A local self appointed “social worker” offers any help I might require for my film “legal or illegal”. A senior cop helps me shoot my film in a public place and in return, he demands that I listen to his screenplay about police encounters, where he suggests that his auto-biographical character be played by the Bollywood star Nana Patekar. Another Bollywood influenced cabbie discuses philosophy with me and surprises me with his grasp of concepts. A man meets me on the steps of a building and we spend four years building an alternative theatre movement together. A friend leaves his job at MIT to fight against Enron in India, almost successfully for four long years of frustration, pressure and threat calls; broke, founds a software company, gets wrongly sued by an American company for a random figure of a billion dollars. A friend of a friend wins a case at the Supreme Court and gets the government release his anti-government film on National Television and even gets them to pay for it.

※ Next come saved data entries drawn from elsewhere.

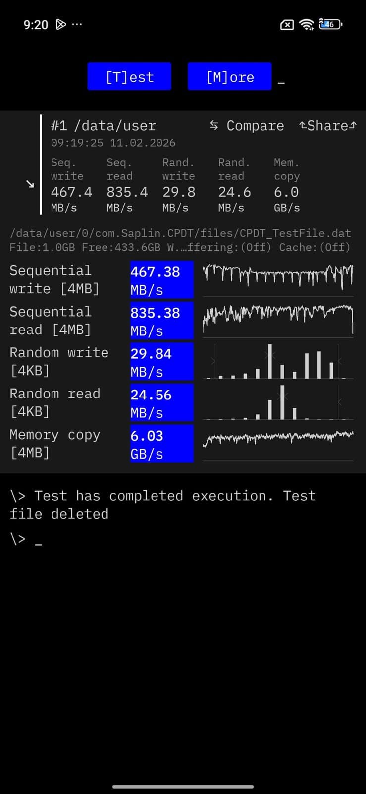 | CPDT Bench | Sequential Write – 467.38 MB/s; Sequential read – 835.38 MB/s; Random Write – 29.84 MB/s; Random Read – 24.56 MB/s; Memory copy – 6.03 MB/s; |
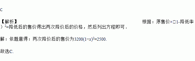 C. 3200(1-x)2=2500 D. 3200(1-2x)=2500
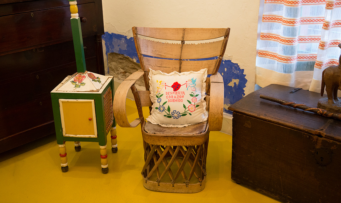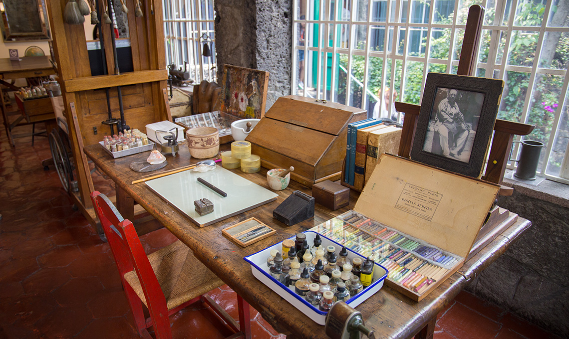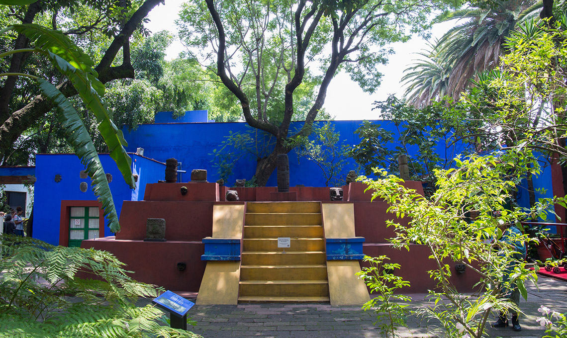 La casa è circondata da un grande recinto in stucco blu elettrico e rosso e custodisce gli studi dove questi due grandi pittori produssero gran parte della loro arte. Le pareti sono di un intenso blu Maya e molti sono i reperti di arte pre colombiana messicana che Frida e Diego collezionarono e che vengono esposti in alcune delle sale.

Everybody carries a story and every story changes yours. Because of the sheer number of trajectories, it is impossible to trace back the line of causality. The butterfly effect in a city like Mumbai has its very own karmic complexity. In my first film, a young man in his haste to go out, shouts at his mother and appreciates his brother’s painting, setting off two cycles of hate and love that pass from one character to another in a domino effect, eventually both affecting his own life. In another story, a man learns from his wife the recipe of a chocolate pudding, which he requests to be engraved on his tombstone after having safeguarded it all his life, a chef reads the recipe, makes the pudding for a guest, the guest gives the pudding away to a poor kid, who finds will to draw that night and gets picked up by an art curator driving past. The two films are highly simplified versions of my concept of karmic causality. The city is constantly giving the answers and I am trying to get my questions right.

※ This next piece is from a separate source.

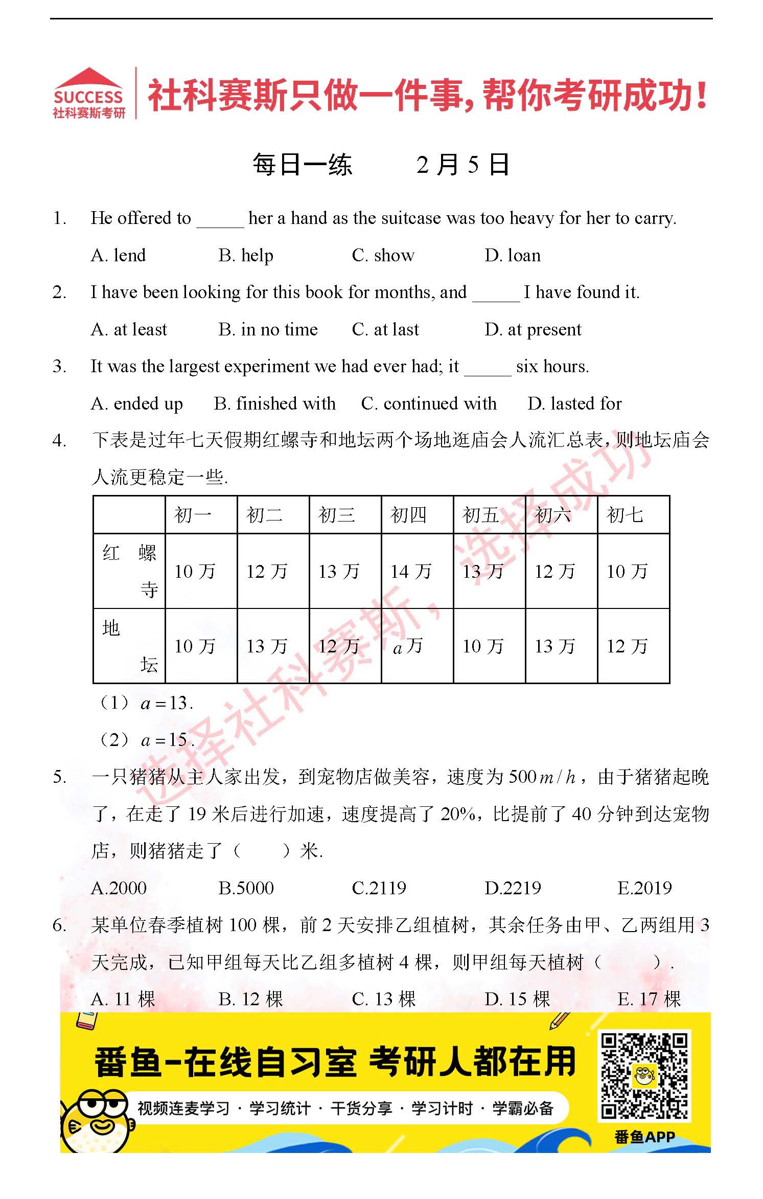 導(dǎo)讀:考研是一場(chǎng)持久戰(zhàn),保持良好的學(xué)習(xí)習(xí)慣,是能確保復(fù)習(xí)高效的關(guān)鍵。今天社科賽斯MBA備考網(wǎng)小編整理了“2022管理類聯(lián)2月5日每日一練及答案”的內(nèi)容,希望能對(duì)廣大考生有所幫助。

The questions of philosophy rose by children that even scholars fail to answer. The city incessantly confronts me with ethical, epistemological and aesthetic problems that I can only begin to understand by laying them out in my work. The great fifteenth century Indian poet Kabeer used to stand amidst the town market and mock it. Zen master Kakuan’s tenth bull depicts a master with his wine bottle in the market. In my more reclusive teenage days I used to fancy myself to be Kabeer or Kakuan, living in the heart of this market of a city, and yet, blessed with objectivity. Renunciation has often been, for me, a reaction to fulfillment. Besides the problem of the ownership of responsibility in an interwoven causality, renunciation has been a central philosophical problem in most of my work.
“On getting shot at,
The first one cried “Rama”
The second one cried “Mao”
The third one cried “Potato”
The postmortem report informs that the first two had their bellies full.”

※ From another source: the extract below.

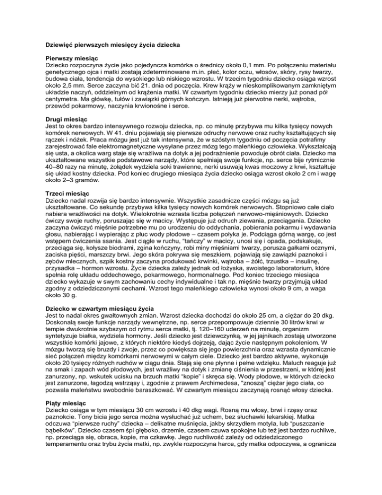 Dziewięć pierwszych miesięcy życia dziecka Pierwszy miesiąc Dziecko rozpoczyna życie jako pojedyncza komórka o średnicy około 0,1 mm. Po połączeniu materiału genetycznego ojca i matki zostają zdeterminowane m.in. płeć, kolor oczu, włosów, skóry, rysy twarzy, budowa ciała, tendencja do wysokiego lub niskiego wzrostu. W trzecim tygodniu dziecko osiąga wzrost około 2,5 mm. Serce zaczyna bić 21. dnia od poczęcia. Krew krąży w nieskomplikowanym zamkniętym układzie naczyń, oddzielnym od krążenia matki. W czwartym tygodniu dziecko mierzy już ponad pół centymetra. Ma główkę, tułów i zawiązki górnych kończyn. Istnieją już pierwotne nerki, wątroba, przewód pokarmowy, naczynia krwionośne i serce. Drugi miesiąc Jest to okres bardzo intensywnego rozwoju dziecka, np. co minutę przybywa mu kilka tysięcy nowych komórek nerwowych. W 41. dniu pojawiają się pierwsze odruchy nerwowe oraz ruchy kształtujących się rączek i nóżek. Praca mózgu jest już tak intensywna, że w szóstym tygodniu od poczęcia potrafimy zarejestrować fale elektromagnetyczne wysyłane przez mózg tego maleńkiego człowieka. Wykształcają się usta, a okolica warg staje się wrażliwa na dotyk a jej podrażnienie powoduje obrót ciała. Dziecko ma ukształtowane wszystkie podstawowe narządy, które spełniają swoje funkcje, np. serce bije rytmicznie 40–80 razy na minutę, żołądek wydziela soki trawienne, nerki usuwają kwas moczowy z krwi, kształtuje się układ kostny dziecka. Pod koniec drugiego miesiąca życia dziecko osiąga wzrost około 2 cm i wagę około 2–3 gramów. Trzeci miesiąc Dziecko nadal rozwija się bardzo intensywnie. Wszystkie zasadnicze części mózgu są już ukształtowane. Co sekundę przybywa kilka tysięcy nowych komórek nerwowych. Stopniowo całe ciało nabiera wrażliwości na dotyk. Wielokrotnie wzrasta liczba połączeń nerwowo-mięśniowych. Dziecko ćwiczy swoje ruchy, poruszając się w macicy. Występuje już odruch ziewania, przeciągania. Dziecko zaczyna ćwiczyć mięśnie potrzebne mu po urodzeniu do oddychania, pobierania pokarmu i wydawania głosu, nabierając i wypierając z płuc wody płodowe – czasem połyka je. Podciąga górną wargę, co jest wstępem ćwiczenia ssania. Jest ciągle w ruchu, “tańczy” w macicy, unosi się i opada, podskakuje, przeciąga się, kołysze biodrami, zgina kończyny, robi miny mięśniami twarzy, porusza gałkami ocznymi, zaciska pięści, marszczy brwi. Jego skóra pokrywa się meszkiem, pojawiają się zawiązki paznokci i zębów mlecznych, szpik kostny zaczyna produkować krwinki, wątroba – żółć, trzustka – insulinę, przysadka – hormon wzrostu. Życie dziecka zależy jednak od łożyska, swoistego laboratorium, które spełnia rolę układu oddechowego, pokarmowego, hormonalnego. Pod koniec trzeciego miesiąca dziecko wykazuje w swym zachowaniu cechy indywidualne i tak np. mięśnie twarzy przyjmują układ zgodny z odziedziczonymi cechami. Wzrost tego maleńkiego człowieka wynosi około 9 cm, a waga około 30 g. Dziecko w czwartym miesiącu życia Jest to nadal okres gwałtownych zmian. Wzrost dziecka dochodzi do około 25 cm, a ciężar do 20 dkg. Doskonalą swoje funkcje narządy wewnętrzne, np. serce przepompowuje dziennie 30 litrów krwi w tempie dwukrotnie szybszym od rytmu serca matki, tj. 120–160 uderzeń na minutę, organizm syntetyzuje białka, wydziela hormony. Jeśli dziecko jest dziewczynką, w jej jajnikach zostają utworzone wszystkie komórki jajowe, z których niektóre kiedyś dojrzeją, dając życie następnym pokoleniom. W mózgu tworzą się bruzdy i zwoje, przez co powiększa się jego powierzchnia oraz wzrasta dynamicznie sieć połączeń między komórkami nerwowymi w całym ciele. Dziecko jest bardzo aktywne, wykonuje około 20 tysięcy różnych ruchów w ciągu dnia. Stają się one płynne i pełne wdzięku. Maluch reaguje już na smak i zapach wód płodowych, jest wrażliwy na dotyk i zmianę ciśnienia w przestrzeni, w której jest zanurzony, np. wskutek ucisku na brzuch matki “kopie” i skręca się. Wody płodowe, w których dziecko jest zanurzone, łagodzą wstrząsy i, zgodnie z prawem Archimedesa, “znoszą” ciężar jego ciała, co pozwala maleństwu swobodnie baraszkować. W czwartym miesiącu zaczynają rosnąć włosy dziecka. Piąty miesiąc Dziecko osiąga w tym miesiącu 30 cm wzrostu i 40 dkg wagi. Rosną mu włosy, brwi i rzęsy oraz paznokcie. Tony bicia jego serca można wysłuchać już uchem, bez słuchawki lekarskiej. Matka odczuwa “pierwsze ruchy” dziecka – delikatne muśnięcia, jakby skrzydłem motyla, lub “puszczanie bąbelków”. Dziecko czasem śpi głęboko, drzemie, czasem czuwa spokojne lub też jest bardzo ruchliwe, np. przeciąga się, obraca, kopie, ma czkawkę. Jego ruchliwość zależy od odziedziczonego temperamentu oraz trybu życia matki, np. zwykle rozpoczyna harce, gdy matka odpoczywa, a ogranicza ruchy, gdy matka jest aktywna. Dziecko ćwiczy ruchy ssące warg, reaguje na smak wód płodowych, połykając ich więcej, gdy stają się słodsze, a zaprzestając picia, gdy są gorzkie, kwaśne lub słone. Wrażliwość dotykowa pozwala mu odczuć świat wewnątrzmaciczny “na własnej skórze”. Dotyka siebie, pępowiny, łożyska, ścian macicy. Silne bodźce, zmieniające warunki w łonie wywołują dyskomfort, któremu dziecko stara się aktywnie przeciwstawić. W tym okresie życia można uspokajać dziecko przemawiając do niego czule, posyłając mu serdeczne myśli, słuchając muzyki lub śpiewając coś miłego, czytając to, co wprawia matkę w dobry nastrój. Dziecko w szóstym miesiącu życia Proporcje ciała dziecka stają się podobne do tych, jakie będą przy urodzeniu. Osiąga ono 25–30 cm wzrostu i waży już 50–70 dag. Skóra jest obficie pokryta mazią płodową. Wytwarzają się wiązadła stawowe, kostnieje szkielet, płuca zaczynają wytwarzać surf

This small piece by one of my most favourite Hindi poets Sarveshwar Dayal Saxena reflects the lack of a strong collective introspection in India. It becomes, for me, the defining problem of art in Mumbai. When all production is intended to meet the basic needs, all intellectual problems become secondary. Any civilization needs the “potato” in place before it can hope to start wondering about the more abstract problems of life. The central epitome of art for mass consumption in India – Bollywood – is this potato. For me, it’s impossible to think of the culture of Mumbai and not think of Bollywood.
Like most of my peers, I have been brought up on an overdose of Bollywood. My mother and my grandmother are hardcore theatre, pop literature and cinema buffs. My grandmother had even led a campaign against a writer of a weekly magazine fiction series for having shuffled off the protagonist’s mortal coil. The campaign came full circle when a trash, but highly popular soap opera I wrote became front page news – a fan allegedly got a heart attack after watching an episode where the protagonist of the show was killed. In both the cases, of course, the characters had to be brought back to amnesic life following an overwhelming public demand.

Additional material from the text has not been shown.